For now though, the dusky mountains are beautiful, their canyons as inviting as any woman's thighs; tantalizing but unobtainable, therefore evoking aloneness. When a man is most alone in such mountains, he may hear voices. Whispering voices, or sometimes accusing voices, interrogating voices, coming from the chaparral-bearded bluffs, pocked with caves and petroglyphs of fantastic birds, chiseled glyphs of undying love (Pedro loves Socorro, 1971), and the etched footprints of Kokopelli dancing on the cunt of the world. Range upon range of lava mustachioed mountains ask questions.
"Who piled up the ruin at my feet, that thing called civilization? Who dragged all this stuff in here? That junk pile of locomotives, masonry, hair dryers, cathedrals, cathode ray tubes, ballistic missiles and sailing ships and cell phones, the library mausoleums of dead books where homeless old men take spit baths in the toilet, the political temples illuminated by its troupes of flaming whores? Who created this mess and dragged in these dark days? Was it you?"
---
Snap to, Bageant! Collect yourself. You've got stuff to do. Stuff to give a shit about… like finding Maria.
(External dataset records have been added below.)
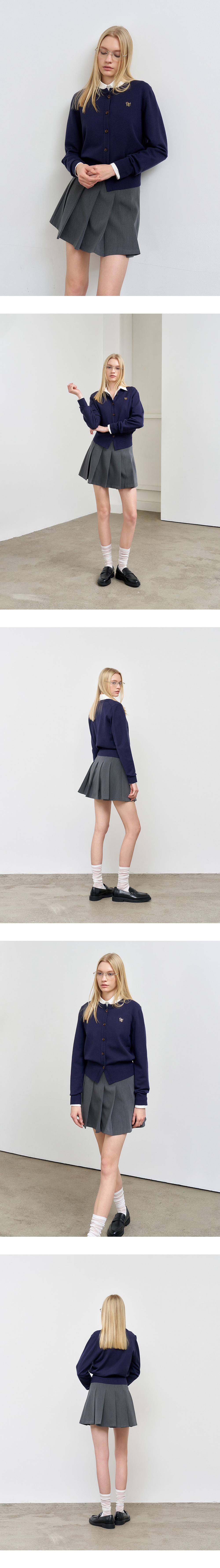 제너럴아이디어 우먼 에센셜 크루넥 가디건 네이비
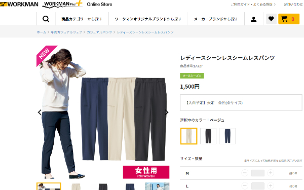 内股が縫い目のないシームレスでできた同商品。価格も1500円(税込)と手に取りやすく、ワークマンらしいコスパの良さが伺えます。
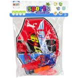 - Kompletné balenie: tabuľa, obruč so sieťou, úchyt, mini lopta a pumpička.
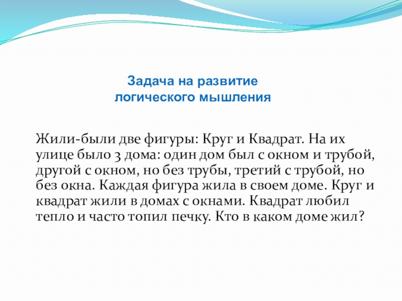 улице было 3 дома: один дом был с окном и трубой, другой с окном, но без трубы, третий с трубой, но без окна. Каждая фигура жила в своем доме. Круг и квадрат жили в домах с окнами. Квадрат любил тепло и часто топил печку. Кто в каком доме жил?
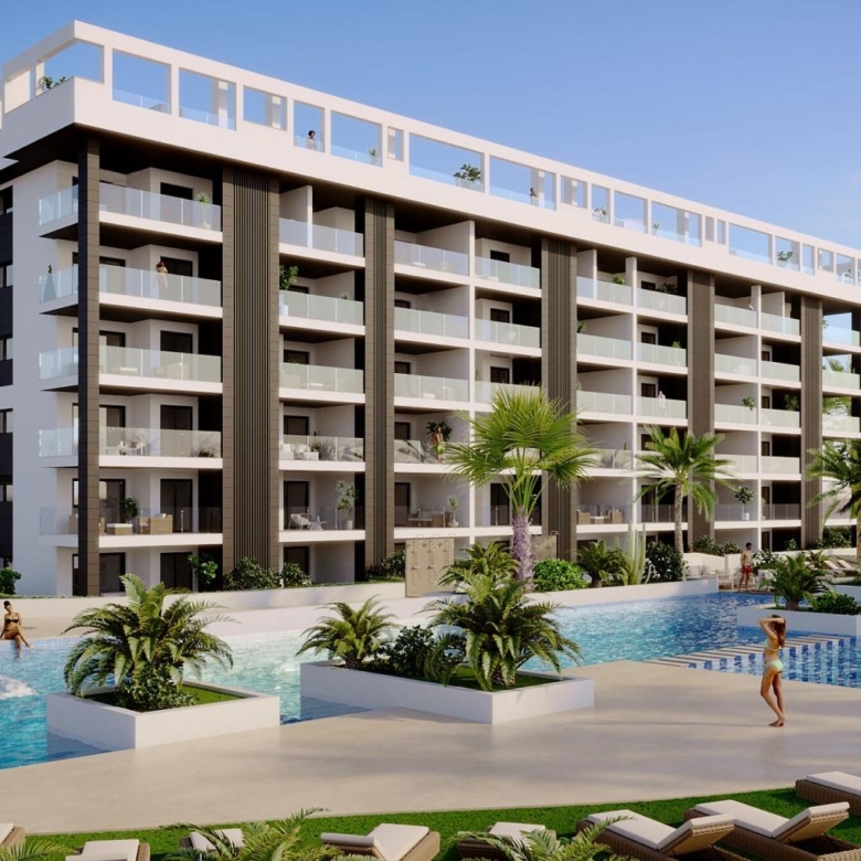 Nieuwbouw wooncomplex van 362 appartementen met grote gemeenschappelijke ruimtes in Torrevieja.

Oh yeah, Maria, the Indian curanda who sells eight-inch bud in a plastic bottle for three bucks. The bud is drowned in pure alcohol, the same stuff the charros drink up in the hills, and the solution is sold as an ointment to be rubbed on the joints for arthritis pain. Some gringos pour it in Sprite.
Well then. To hell with this brooding over dark days. Let us find Maria. Larry the cop says, "Count me in. Let's go."
So goodbye, Kokopelli, I'm bound for el rio… and I won't be back till these dark days are gone.